Expected output (versions will differ):
Additional environment snapshot:
python --version # should be 3.10+
pip show squish mlx mlx-lm # installed versions and locations
sw_vers # macOS version
sysctl -n hw.memsize # total unified memory in bytes
squish models # locally cached models
Paste the output of all of the above when filing a bug.
8 GB Mac: out of memory (OOM)¶
Symptoms¶
squish runorsquish serveexits immediately with no error message- Kernel logs show
jetsamevents (log show --predicate 'eventMessage contains "jetsam"' --last 5m) - The macOS Activity Monitor "Memory Pressure" gauge is solidly red before inference starts
- Python raises
MemoryErroror the process is killed mid-generation
Why it happens¶
Apple Silicon's unified memory is shared between the CPU, the GPU (Metal), and the OS. On an 8 GB device, macOS reserves approximately 1.5–2 GB for the kernel and active apps, leaving roughly 6–6.5 GB for model weights and the inference runtime. A 7B/8B model at full bf16 is ~16 GB and will not fit; even INT8 is ~8 GB. Squish defaults to INT4 (~4 GB) and offers INT3 (~3.5 GB).
Fixes¶
1. Use INT4 quantisation (recommended for 8 GB Macs)

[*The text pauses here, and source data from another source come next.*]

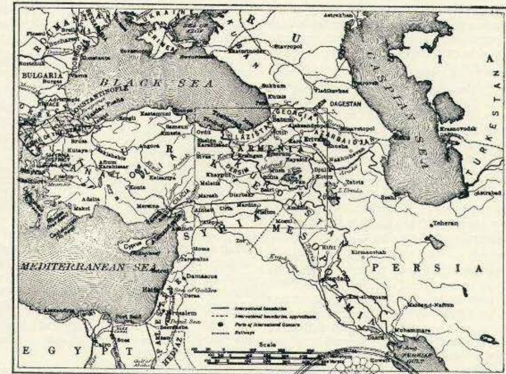
Map showing the boundaries of Armenia as awarded by PRESIDENT WILSON.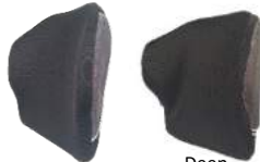
Standard Contour Deep Contour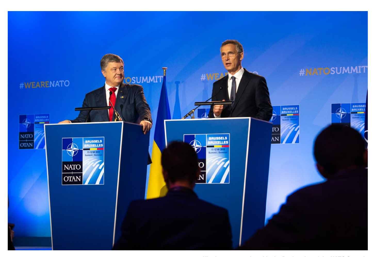
Ukraine was mentioned in the Declaration of the NATO Summit.

In July, Ukraine yet again appeared on the agenda of the international institutions: NATO, the EU, the IMF. The country was mentioned during the Trump-Putin summit too. At the same time, the fight against corruption was of current interest on the domestic political front.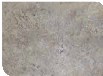
Talsano Travertine KLTGRP11120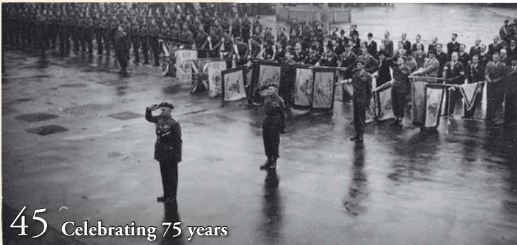
45 Celebrating 75 years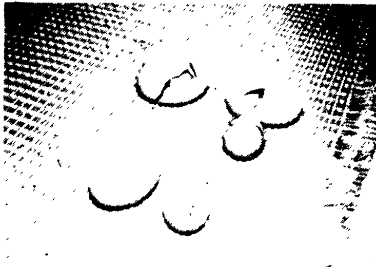
For the first time in almost 30 years of raising chickens, the Huegals found eggs that contained a perfectly formed egg within an egg in addition to a yolk and white.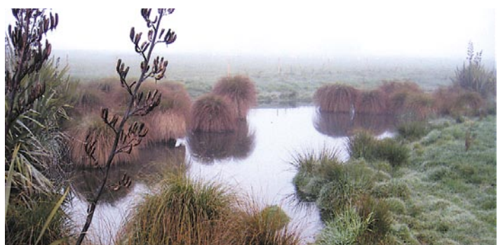
'Paratu' wetlands. Fenced and planted with hundreds of native plants; this should look terrific in five hundred years.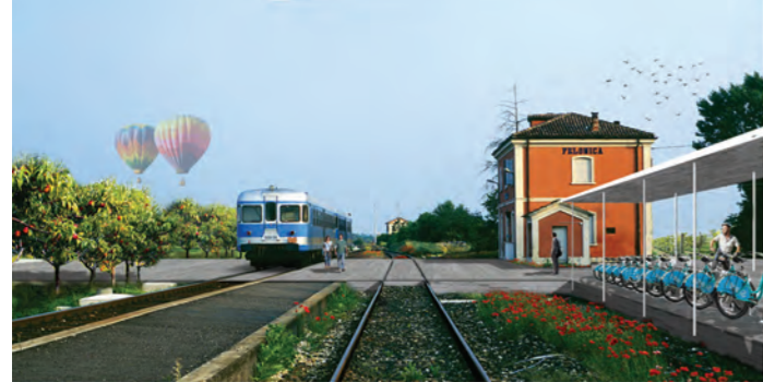
Train station - Bike sharing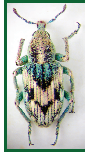
The Coniatus weevil is very small, 4-5 mm long, and brightly colored.

young leaves at the end of branches. In Texas, significant leaf or branch feeding has not yet been observed.

INT4 halves the weight footprint compared to INT8.
INT4 accuracy
INT4 produces measurably lower quality output on models below 3B parameters. For 7B+ models the degradation is minor in practice.

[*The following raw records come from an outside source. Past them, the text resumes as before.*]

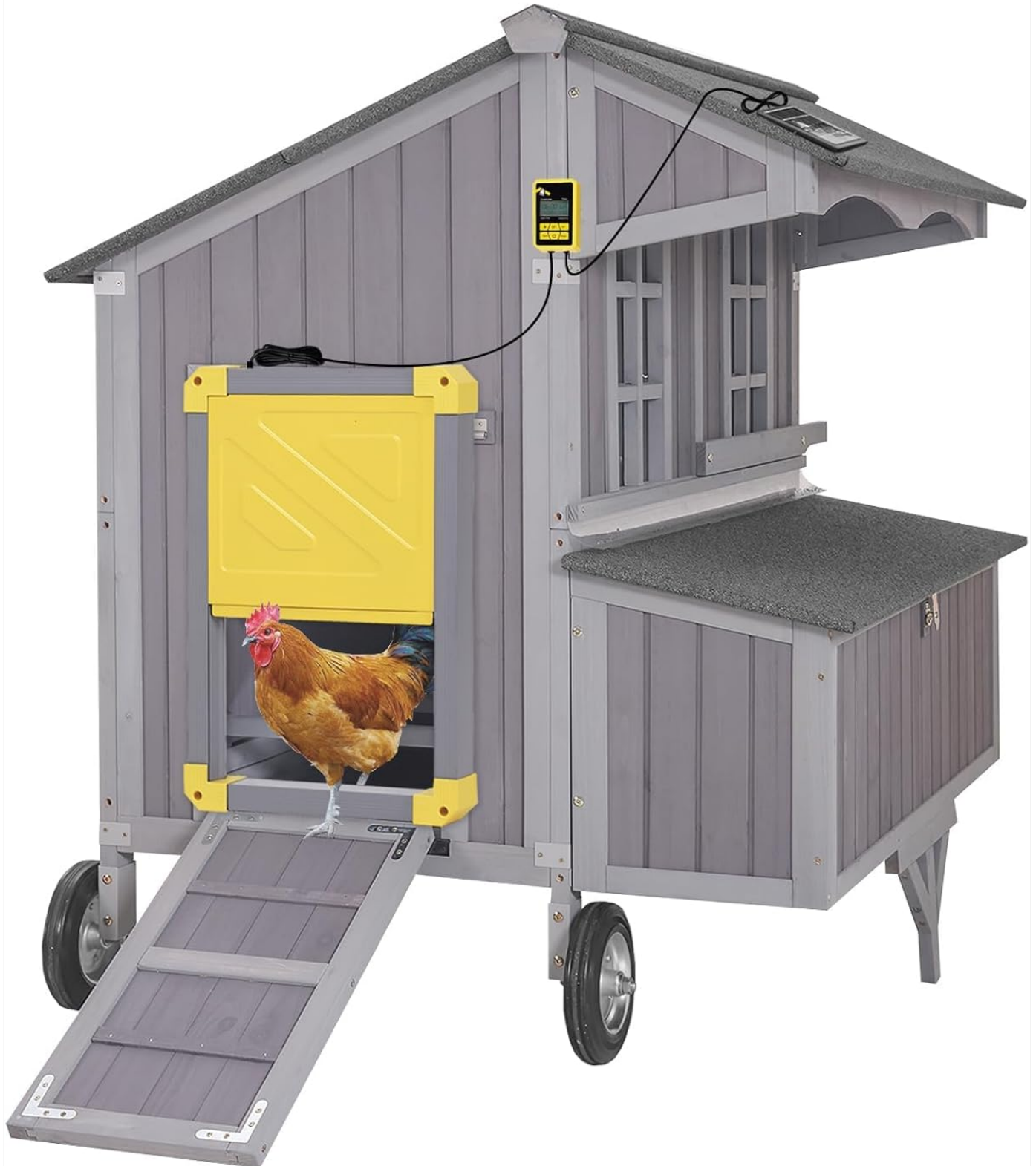
Figure 7: The chicken coop shown with an optional automatic chicken door installed, simplifying daily poultry routines.

Simplify Poultry Management with Automatic Chicken Door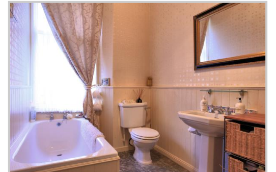
Newstead, Ancaster Road, Crieff, PH7 4AL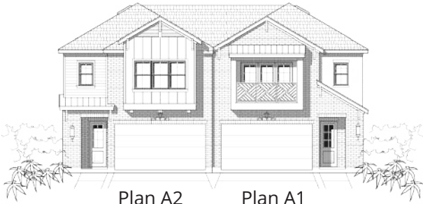
Plan A2 Plan A1 3 beds | 2.5 baths | 1797 sf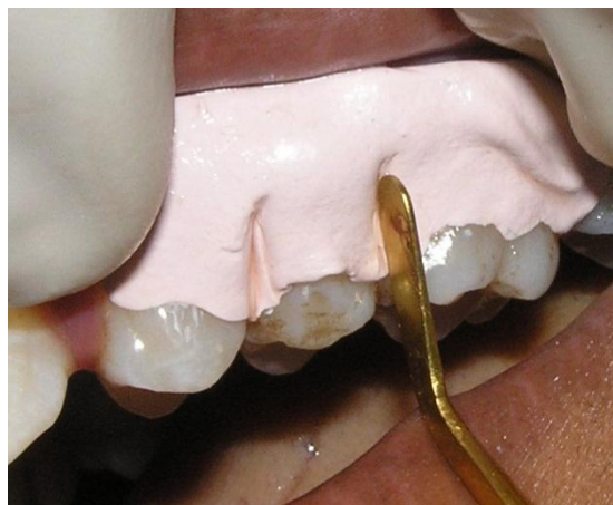
Fig. 4: Application of Coe-pack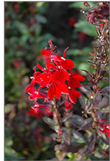
Queen Victoria Lobelia flowers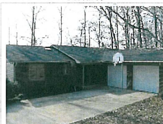
View Pictures (17)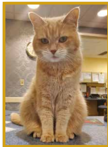
Flower enjoys all of the attention on the 3rd floor at The Heritage.

Thank you to everyone who contributed to this year's campaign. Your support helps keep our campus full of life, laughter and love—one paw, wing or tail at a time.

2. Use --fault-tolerance to survive partial allocation failures
--fault-tolerance catches Metal allocation errors and retries with a smaller KV-cache
instead of crashing.
3. Use --adaptive-quant to let Squish pick the quantisation level automatically
Squish reads available unified memory at startup and selects INT4 or INT8 accordingly.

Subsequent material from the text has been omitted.